The BEIS Select Committee Report on Electric Vehicles has today called upon the government to bring the ban on diesel and petrol vehicles forward by eight years to 2032.
However this is at a time when the government has recently announced the removal of the plug-in car grant for plug-in hybrids, and the reduction in the amount of the grant for pure EVs, with little advanced notice – thereby making it more difficult for consumers to make the switch, as well as reducing the incentive for car makers to bring vehicles such as PHEVs to market.
These announcements also come during a period when BEIS has been running a roadshow to promote EVs at four locations around the UK, during ‘Green GB Week’.
It appears that, despite the Prime Minister’s recent Zero Emission Vehicle Summit, the government is not able to demonstrate any coherent, joined-up policy about EVs. Both the industry and consumers need as much certainty as possible to invest in EVs. Is this yet more evidence that all government bandwidth is being taken up by Brexit?, and there’s no capability left to listen to the automotive industry and implement consistent policies towards EVs.
The government is also raising the Benefit in Kind tax on Electric Vehicles from 13% this year to 16% next year – before reducing it to 2% in April 2020. A rise in EV BIK to 16% is yet another policy that is providing an obstacle to increased take-up of EVs, and shows that the Treasury isn’t aligned with the work that OLEV is tasked to do to promote EVs.
This is what Mike Hawes, SMMT Chief Executive has said: “Government’s 2040 ambition was already extremely challenging, so to fast-track that by eight years would be nigh on impossible. We said we need world class infrastructure and world class incentives to have any chance of delivering so the recent cuts to the Plug-in Car Grant and lack of charging facilities – both of which are severely criticised by the Committee – show just how difficult it would be to accelerate this transition.

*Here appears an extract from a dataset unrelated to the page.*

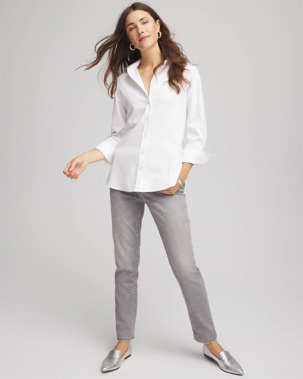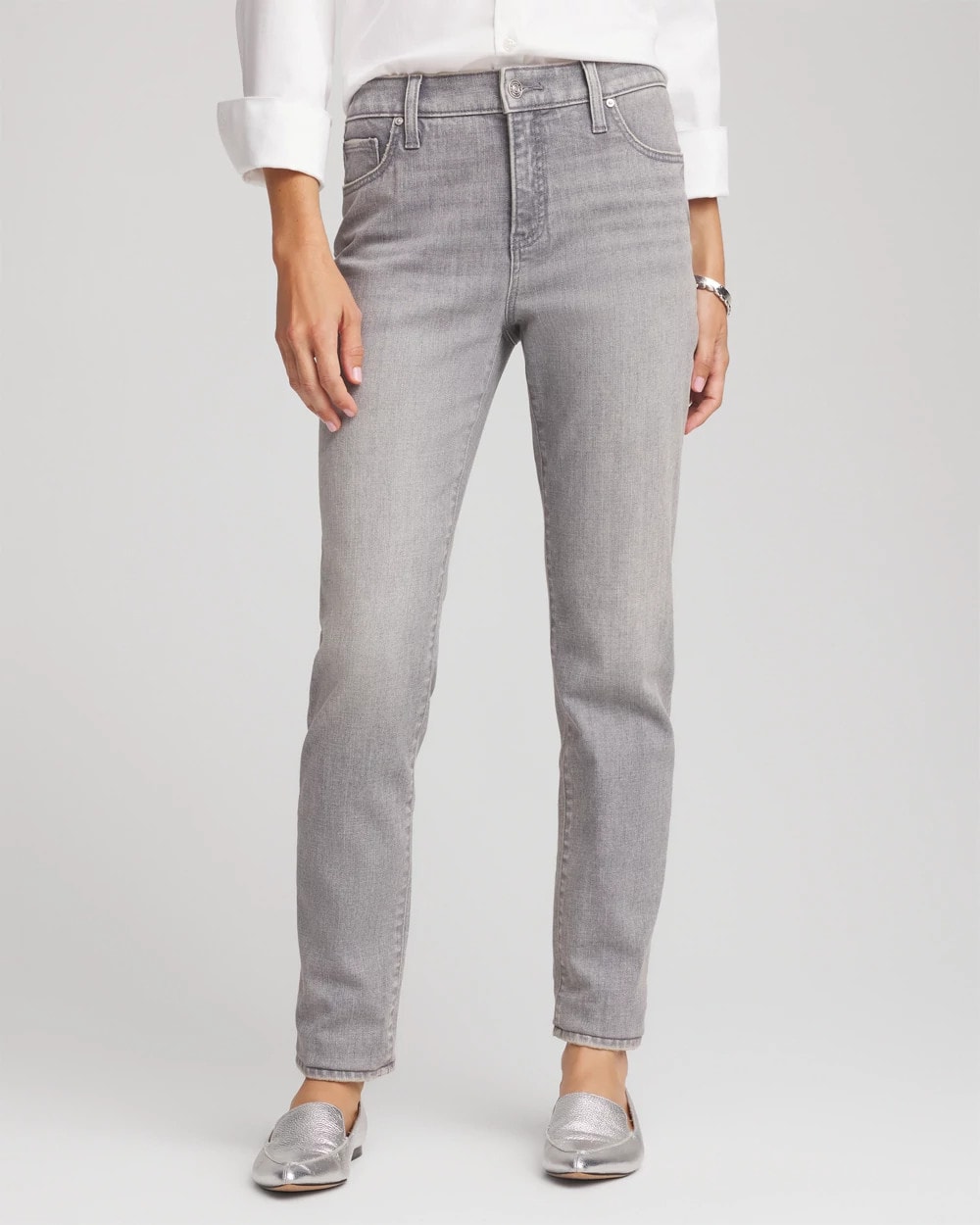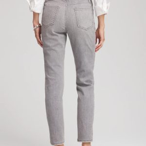 Made with a stylish gray wash denim showcasing unique character, these girlfriend jeans are cut for a slim silhouette. Featuring a tummy slimming interior that lifts and shapes your figure, courtesy of Chico’s proprietary So Slimming® technology.

“Zero emission vehicles make up just 0.6% of the market meaning consumer appetite would have to grow by some 17,000% in just over a decade. This is unrealistic and rejects the evidence put forward by SMMT on behalf of the industry, which is investing billions into these technologies but which recognises consumers need greater confidence and support if they are to buy these vehicles in the numbers we all want.”
BVRLA Chief Executive Gerry Keaney commented:
“The Government’s electric vehicle strategy needs to move from one based on visions to one based on actions. If India, China and Scotland feel able to set a target of banning new petrol and diesel cars and vans by 2032, then the UK should be brave enough to meet that challenge as well.
“As the purchasers of more than 50% of all new vehicles sold in the UK each year, the vehicle rental and leasing industry is more than capable of delivering this transition to zero emission transport – if the government can provide the right supportive environment.
“The Government needs to do a lot more than just boost the roll-out of electric charging points. We need a comprehensive and joined up set of national and local incentives for electric vehicle users, plus a clear roadmap for how they will be taxed.
“At the moment, we have a misguided strategy that is withdrawing incentives and raising taxes for electric vehicles at the exact time we are trying to drive uptake. The coming Budget offers a perfect opportunity for the Government to address these glaring policy gaps. The whole automotive industry is speaking with one voice on this, but no-one in Government appears to be listening.”